WHAT NEEDS TO BE DONE> The answer is all of the data repeated exactly, with each picture omitted.

DATA EXTRACT>
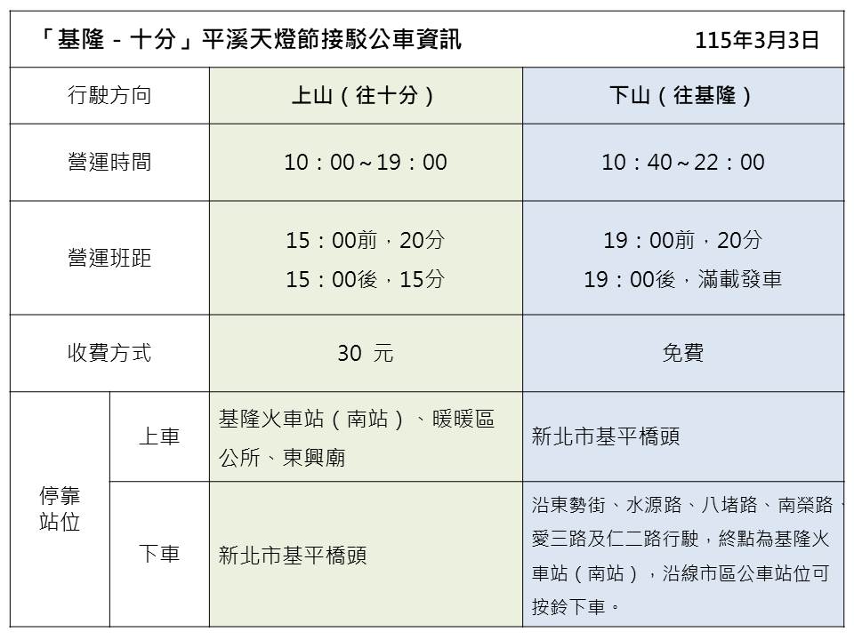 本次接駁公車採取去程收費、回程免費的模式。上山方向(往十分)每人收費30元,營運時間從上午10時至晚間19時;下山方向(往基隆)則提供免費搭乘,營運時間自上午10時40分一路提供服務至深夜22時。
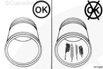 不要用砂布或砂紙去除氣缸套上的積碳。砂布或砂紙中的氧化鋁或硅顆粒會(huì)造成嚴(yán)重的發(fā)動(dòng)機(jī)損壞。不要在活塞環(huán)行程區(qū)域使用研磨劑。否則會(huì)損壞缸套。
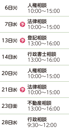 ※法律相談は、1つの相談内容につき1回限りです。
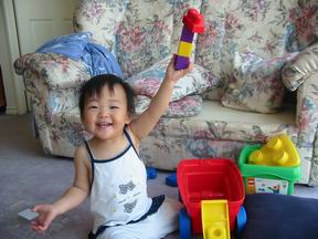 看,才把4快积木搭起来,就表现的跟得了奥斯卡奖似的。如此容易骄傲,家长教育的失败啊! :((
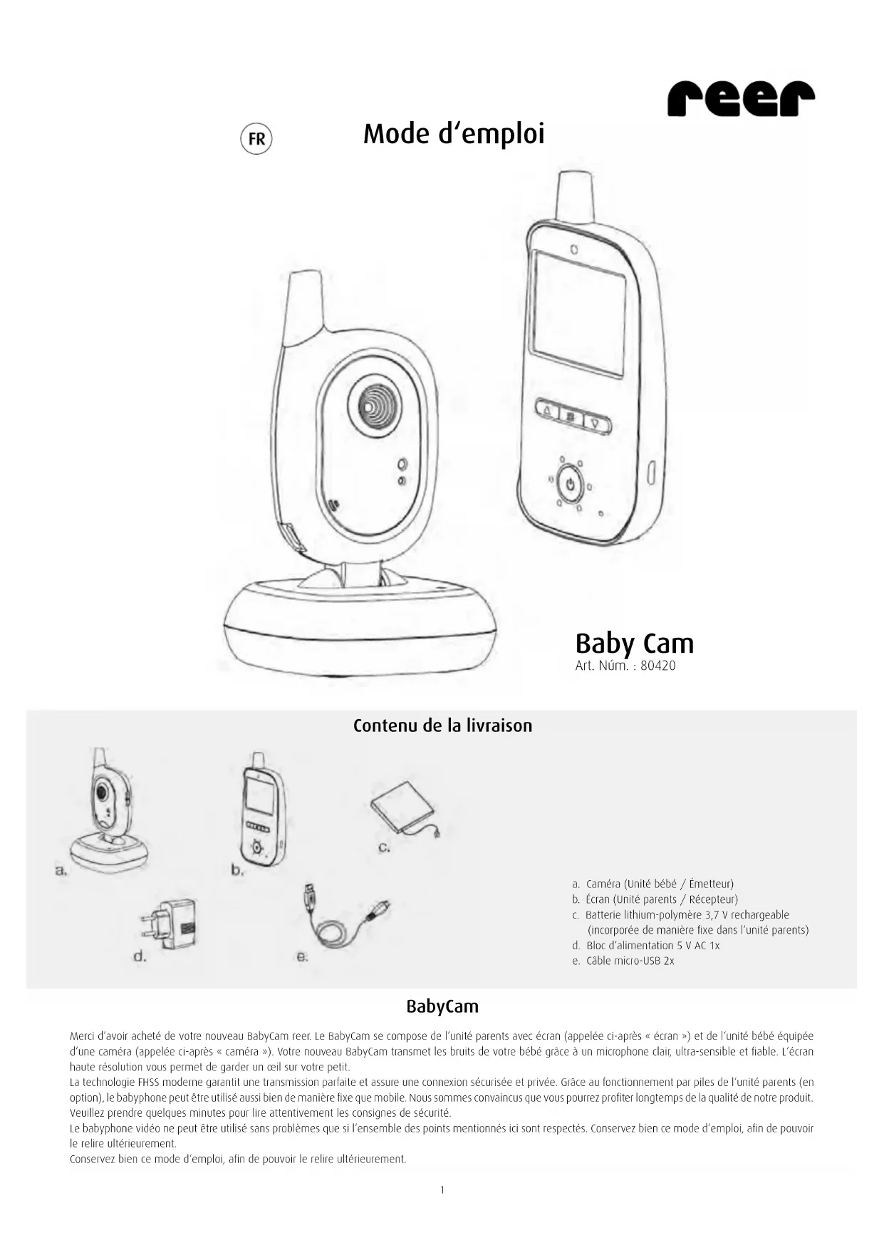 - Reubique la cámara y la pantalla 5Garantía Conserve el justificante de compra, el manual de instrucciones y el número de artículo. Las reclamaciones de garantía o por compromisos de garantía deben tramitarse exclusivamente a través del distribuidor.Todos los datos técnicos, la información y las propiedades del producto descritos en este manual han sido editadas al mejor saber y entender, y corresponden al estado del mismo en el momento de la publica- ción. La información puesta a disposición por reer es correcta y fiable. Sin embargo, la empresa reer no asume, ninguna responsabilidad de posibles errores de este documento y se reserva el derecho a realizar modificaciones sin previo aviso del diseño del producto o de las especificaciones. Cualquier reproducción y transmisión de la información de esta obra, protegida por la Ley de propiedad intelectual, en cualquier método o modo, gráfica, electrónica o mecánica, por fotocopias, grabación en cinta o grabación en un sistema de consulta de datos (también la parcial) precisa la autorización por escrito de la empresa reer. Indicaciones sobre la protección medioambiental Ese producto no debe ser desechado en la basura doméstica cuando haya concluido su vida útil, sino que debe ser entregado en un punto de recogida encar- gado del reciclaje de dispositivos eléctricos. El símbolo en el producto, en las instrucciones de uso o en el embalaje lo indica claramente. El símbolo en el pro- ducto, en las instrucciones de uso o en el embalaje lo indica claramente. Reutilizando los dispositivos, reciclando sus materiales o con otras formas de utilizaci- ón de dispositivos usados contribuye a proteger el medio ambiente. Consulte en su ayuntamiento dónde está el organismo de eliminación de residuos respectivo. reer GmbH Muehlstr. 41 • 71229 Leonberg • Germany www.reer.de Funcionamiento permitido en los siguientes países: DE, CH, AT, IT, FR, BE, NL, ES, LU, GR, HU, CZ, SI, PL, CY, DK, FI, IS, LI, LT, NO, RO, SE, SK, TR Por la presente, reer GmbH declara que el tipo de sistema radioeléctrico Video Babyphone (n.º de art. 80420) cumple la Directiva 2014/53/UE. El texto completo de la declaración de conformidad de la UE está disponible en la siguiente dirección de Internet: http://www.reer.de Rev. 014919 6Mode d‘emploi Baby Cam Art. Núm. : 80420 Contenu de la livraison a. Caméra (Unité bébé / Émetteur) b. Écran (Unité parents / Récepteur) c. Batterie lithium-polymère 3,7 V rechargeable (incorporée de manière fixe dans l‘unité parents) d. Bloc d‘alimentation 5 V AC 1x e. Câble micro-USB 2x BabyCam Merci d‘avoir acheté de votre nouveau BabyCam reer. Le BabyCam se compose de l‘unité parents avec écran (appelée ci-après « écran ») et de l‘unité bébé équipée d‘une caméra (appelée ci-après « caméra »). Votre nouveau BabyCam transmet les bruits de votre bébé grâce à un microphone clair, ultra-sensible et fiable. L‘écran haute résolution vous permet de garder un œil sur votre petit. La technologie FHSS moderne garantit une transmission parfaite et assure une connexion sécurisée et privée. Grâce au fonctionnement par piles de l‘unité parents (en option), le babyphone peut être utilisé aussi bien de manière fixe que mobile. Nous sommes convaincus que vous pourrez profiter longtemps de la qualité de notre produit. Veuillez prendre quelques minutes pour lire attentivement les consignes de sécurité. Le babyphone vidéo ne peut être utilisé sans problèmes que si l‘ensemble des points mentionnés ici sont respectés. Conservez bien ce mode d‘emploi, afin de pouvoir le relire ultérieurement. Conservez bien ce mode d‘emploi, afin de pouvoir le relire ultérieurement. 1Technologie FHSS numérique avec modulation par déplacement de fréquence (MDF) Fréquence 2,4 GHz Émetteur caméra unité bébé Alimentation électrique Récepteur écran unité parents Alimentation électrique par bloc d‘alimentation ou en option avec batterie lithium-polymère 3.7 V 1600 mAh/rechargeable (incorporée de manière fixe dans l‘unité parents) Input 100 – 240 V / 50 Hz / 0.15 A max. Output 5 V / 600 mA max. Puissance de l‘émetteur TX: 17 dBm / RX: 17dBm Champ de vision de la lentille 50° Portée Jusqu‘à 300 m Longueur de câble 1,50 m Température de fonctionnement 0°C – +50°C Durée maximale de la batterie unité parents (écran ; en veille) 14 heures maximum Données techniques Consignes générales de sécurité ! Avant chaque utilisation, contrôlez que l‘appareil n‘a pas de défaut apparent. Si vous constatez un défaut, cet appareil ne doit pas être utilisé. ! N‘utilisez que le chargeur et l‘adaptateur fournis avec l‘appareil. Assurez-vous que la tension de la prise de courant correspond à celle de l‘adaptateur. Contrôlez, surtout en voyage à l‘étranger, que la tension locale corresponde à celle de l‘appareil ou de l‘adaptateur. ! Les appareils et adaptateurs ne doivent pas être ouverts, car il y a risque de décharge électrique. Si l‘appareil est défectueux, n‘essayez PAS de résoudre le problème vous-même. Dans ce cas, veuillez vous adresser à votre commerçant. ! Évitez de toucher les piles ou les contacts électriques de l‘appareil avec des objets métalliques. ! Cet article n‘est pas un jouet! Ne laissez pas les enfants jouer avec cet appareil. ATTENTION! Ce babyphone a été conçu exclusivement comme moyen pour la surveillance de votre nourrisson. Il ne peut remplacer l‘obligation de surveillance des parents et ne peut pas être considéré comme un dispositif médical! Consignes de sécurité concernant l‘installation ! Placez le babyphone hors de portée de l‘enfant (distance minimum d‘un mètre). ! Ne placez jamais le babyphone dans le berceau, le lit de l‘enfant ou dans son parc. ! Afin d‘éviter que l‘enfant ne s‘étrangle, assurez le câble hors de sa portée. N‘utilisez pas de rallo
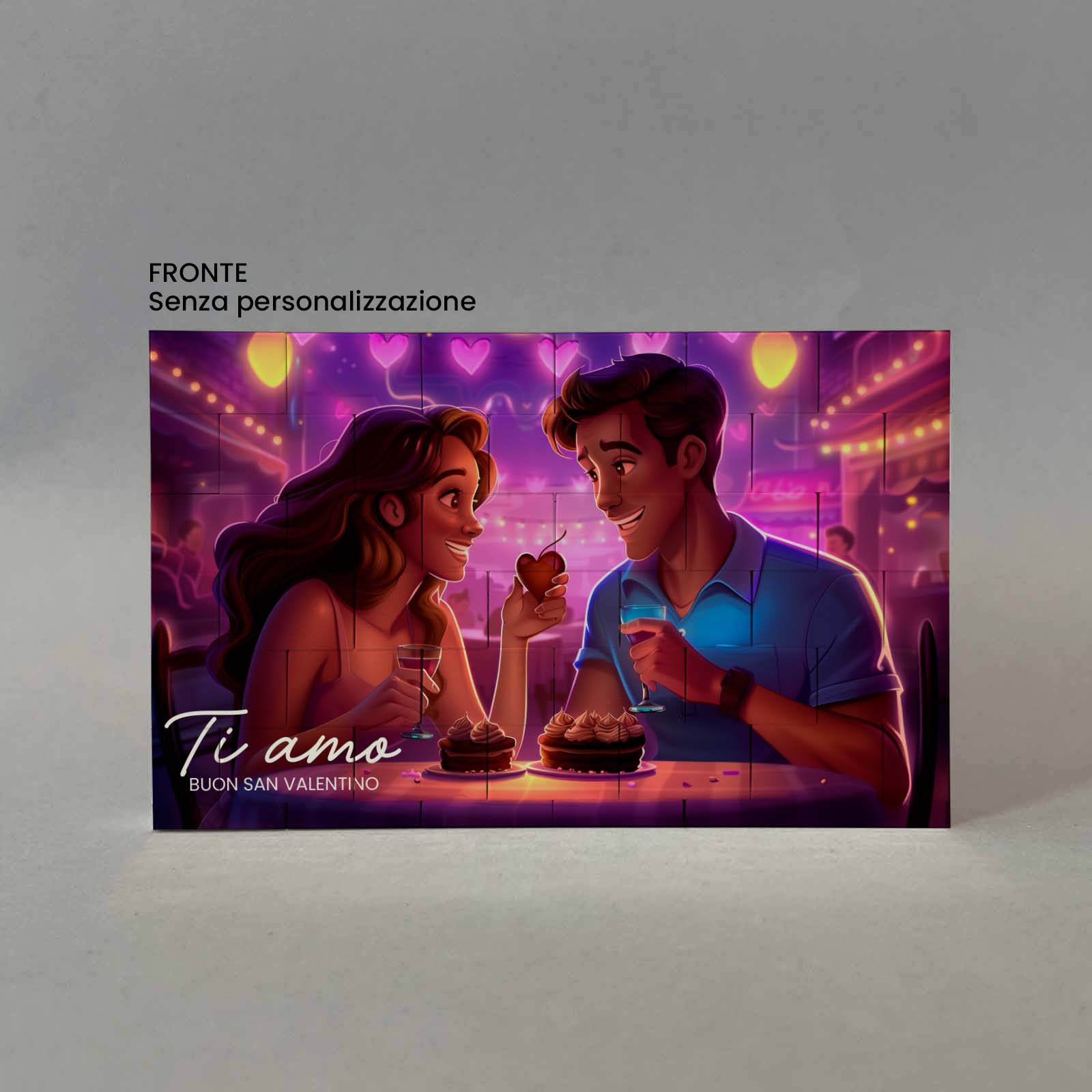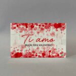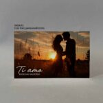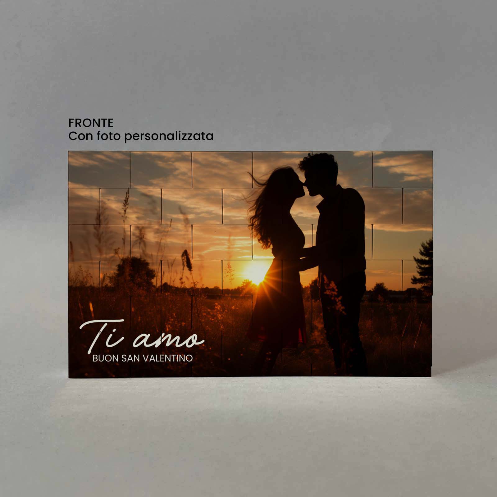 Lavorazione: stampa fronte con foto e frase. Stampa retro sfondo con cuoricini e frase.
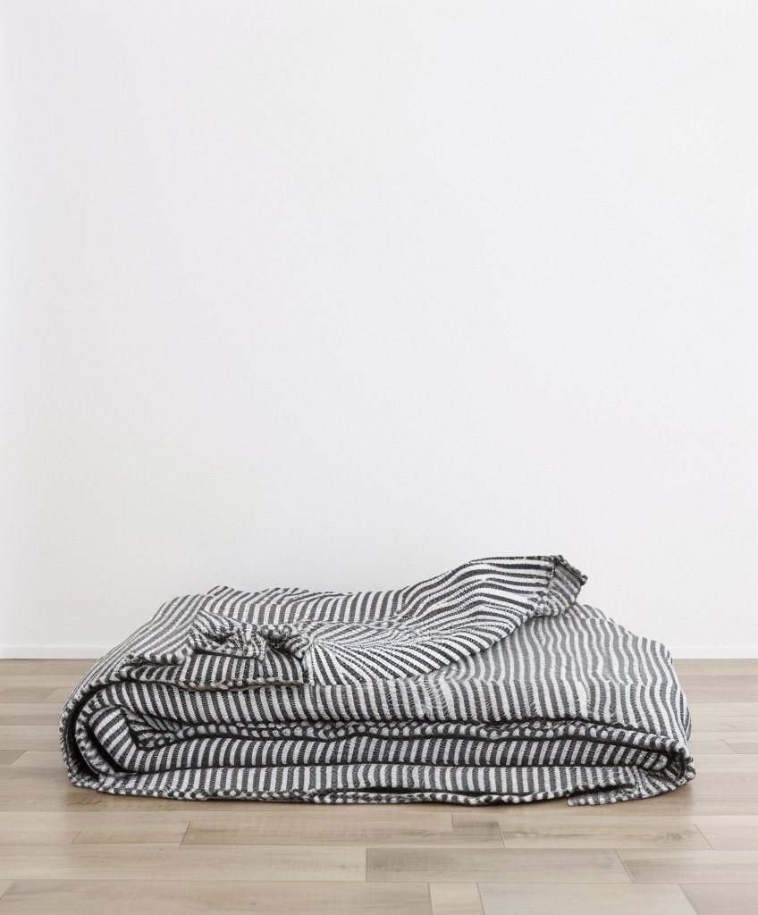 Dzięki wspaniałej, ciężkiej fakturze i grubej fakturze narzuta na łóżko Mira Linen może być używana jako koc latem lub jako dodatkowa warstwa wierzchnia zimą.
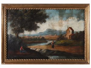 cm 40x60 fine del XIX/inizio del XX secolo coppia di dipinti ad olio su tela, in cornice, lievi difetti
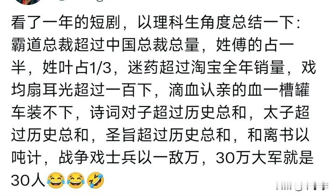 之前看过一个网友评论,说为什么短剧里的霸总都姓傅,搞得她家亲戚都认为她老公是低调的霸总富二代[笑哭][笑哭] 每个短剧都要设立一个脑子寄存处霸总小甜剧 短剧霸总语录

SOLUTION FOR THIS TASK>
 本次接駁公車採取去程收費、回程免費的模式。上山方向(往十分)每人收費30元,營運時間從上午10時至晚間19時;下山方向(往基隆)則提供免費搭乘,營運時間自上午10時40分一路提供服務至深夜22時。
 不要用砂布或砂紙去除氣缸套上的積碳。砂布或砂紙中的氧化鋁或硅顆粒會(huì)造成嚴(yán)重的發(fā)動(dòng)機(jī)損壞。不要在活塞環(huán)行程區(qū)域使用研磨劑。否則會(huì)損壞缸套。
 ※法律相談は、1つの相談内容につき1回限りです。
 看,才把4快积木搭起来,就表现的跟得了奥斯卡奖似的。如此容易骄傲,家长教育的失败啊! :((
 - Reubique la cámara y la pantalla 5Garantía Conserve el justificante de compra, el manual de instrucciones y el número de artículo. Las reclamaciones de garantía o por compromisos de garantía deben tramitarse exclusivamente a través del distribuidor.Todos los datos técnicos, la información y las propiedades del producto descritos en este manual han sido editadas al mejor saber y entender, y corresponden al estado del mismo en el momento de la publica- ción. La información puesta a disposición por reer es correcta y fiable. Sin embargo, la empresa reer no asume, ninguna responsabilidad de posibles errores de este documento y se reserva el derecho a realizar modificaciones sin previo aviso del diseño del producto o de las especificaciones. Cualquier reproducción y transmisión de la información de esta obra, protegida por la Ley de propiedad intelectual, en cualquier método o modo, gráfica, electrónica o mecánica, por fotocopias, grabación en cinta o grabación en un sistema de consulta de datos (también la parcial) precisa la autorización por escrito de la empresa reer. Indicaciones sobre la protección medioambiental Ese producto no debe ser desechado en la basura doméstica cuando haya concluido su vida útil, sino que debe ser entregado en un punto de recogida encar- gado del reciclaje de dispositivos eléctricos. El símbolo en el producto, en las instrucciones de uso o en el embalaje lo indica claramente. El símbolo en el pro- ducto, en las instrucciones de uso o en el embalaje lo indica claramente. Reutilizando los dispositivos, reciclando sus materiales o con otras formas de utilizaci- ón de dispositivos usados contribuye a proteger el medio ambiente. Consulte en su ayuntamiento dónde está el organismo de eliminación de residuos respectivo. reer GmbH Muehlstr. 41 • 71229 Leonberg • Germany www.reer.de Funcionamiento permitido en los siguientes países: DE, CH, AT, IT, FR, BE, NL, ES, LU, GR, HU, CZ, SI, PL, CY, DK, FI, IS, LI, LT, NO, RO, SE, SK, TR Por la presente, reer GmbH declara que el tipo de sistema radioeléctrico Video Babyphone (n.º de art. 80420) cumple la Directiva 2014/53/UE. El texto completo de la declaración de conformidad de la UE está disponible en la siguiente dirección de Internet: http://www.reer.de Rev. 014919 6Mode d‘emploi Baby Cam Art. Núm. : 80420 Contenu de la livraison a. Caméra (Unité bébé / Émetteur) b. Écran (Unité parents / Récepteur) c. Batterie lithium-polymère 3,7 V rechargeable (incorporée de manière fixe dans l‘unité parents) d. Bloc d‘alimentation 5 V AC 1x e. Câble micro-USB 2x BabyCam Merci d‘avoir acheté de votre nouveau BabyCam reer. Le BabyCam se compose de l‘unité parents avec écran (appelée ci-après « écran ») et de l‘unité bébé équipée d‘une caméra (appelée ci-après « caméra »). Votre nouveau BabyCam transmet les bruits de votre bébé grâce à un microphone clair, ultra-sensible et fiable. L‘écran haute résolution vous permet de garder un œil sur votre petit. La technologie FHSS moderne garantit une transmission parfaite et assure une connexion sécurisée et privée. Grâce au fonctionnement par piles de l‘unité parents (en option), le babyphone peut être utilisé aussi bien de manière fixe que mobile. Nous sommes convaincus que vous pourrez profiter longtemps de la qualité de notre produit. Veuillez prendre quelques minutes pour lire attentivement les consignes de sécurité. Le babyphone vidéo ne peut être utilisé sans problèmes que si l‘ensemble des points mentionnés ici sont respectés. Conservez bien ce mode d‘emploi, afin de pouvoir le relire ultérieurement. Conservez bien ce mode d‘emploi, afin de pouvoir le relire ultérieurement. 1Technologie FHSS numérique avec modulation par déplacement de fréquence (MDF) Fréquence 2,4 GHz Émetteur caméra unité bébé Alimentation électrique Récepteur écran unité parents Alimentation électrique par bloc d‘alimentation ou en option avec batterie lithium-polymère 3.7 V 1600 mAh/rechargeable (incorporée de manière fixe dans l‘unité parents) Input 100 – 240 V / 50 Hz / 0.15 A max. Output 5 V / 600 mA max. Puissance de l‘émetteur TX: 17 dBm / RX: 17dBm Champ de vision de la lentille 50° Portée Jusqu‘à 300 m Longueur de câble 1,50 m Température de fonctionnement 0°C – +50°C Durée maximale de la batterie unité parents (écran ; en veille) 14 heures maximum Données techniques Consignes générales de sécurité ! Avant chaque utilisation, contrôlez que l‘appareil n‘a pas de défaut apparent. Si vous constatez un défaut, cet appareil ne doit pas être utilisé. ! N‘utilisez que le chargeur et l‘adaptateur fournis avec l‘appareil. Assurez-vous que la tension de la prise de courant correspond à celle de l‘adaptateur. Contrôlez, surtout en voyage à l‘étranger, que la tension locale corresponde à celle de l‘appareil ou de l‘adaptateur. ! Les appareils et adaptateurs ne doivent pas être ouverts, car il y a risque de décharge électrique. Si l‘appareil est défectueux, n‘essayez PAS de résoudre le problème vous-même. Dans ce cas, veuillez vous adresser à votre commerçant. ! Évitez de toucher les piles ou les contacts électriques de l‘appareil avec des objets métalliques. ! Cet article n‘est pas un jouet! Ne laissez pas les enfants jouer avec cet appareil. ATTENTION! Ce babyphone a été conçu exclusivement comme moyen pour la surveillance de votre nourrisson. Il ne peut remplacer l‘obligation de surveillance des parents et ne peut pas être considéré comme un dispositif médical! Consignes de sécurité concernant l‘installation ! Placez le babyphone hors de portée de l‘enfant (distance minimum d‘un mètre). ! Ne placez jamais le babyphone dans le berceau, le lit de l‘enfant ou dans son parc. ! Afin d‘éviter que l‘enfant ne s‘étrangle, assurez le câble hors de sa portée. N‘utilisez pas de rallo
 Lavorazione: stampa fronte con foto e frase. Stampa retro sfondo con cuoricini e frase.
 Dzięki wspaniałej, ciężkiej fakturze i grubej fakturze narzuta na łóżko Mira Linen może być używana jako koc latem lub jako dodatkowa warstwa wierzchnia zimą.
 cm 40x60 fine del XIX/inizio del XX secolo coppia di dipinti ad olio su tela, in cornice, lievi difetti
 之前看过一个网友评论,说为什么短剧里的霸总都姓傅,搞得她家亲戚都认为她老公是低调的霸总富二代[笑哭][笑哭] 每个短剧都要设立一个脑子寄存处霸总小甜剧 短剧霸总语录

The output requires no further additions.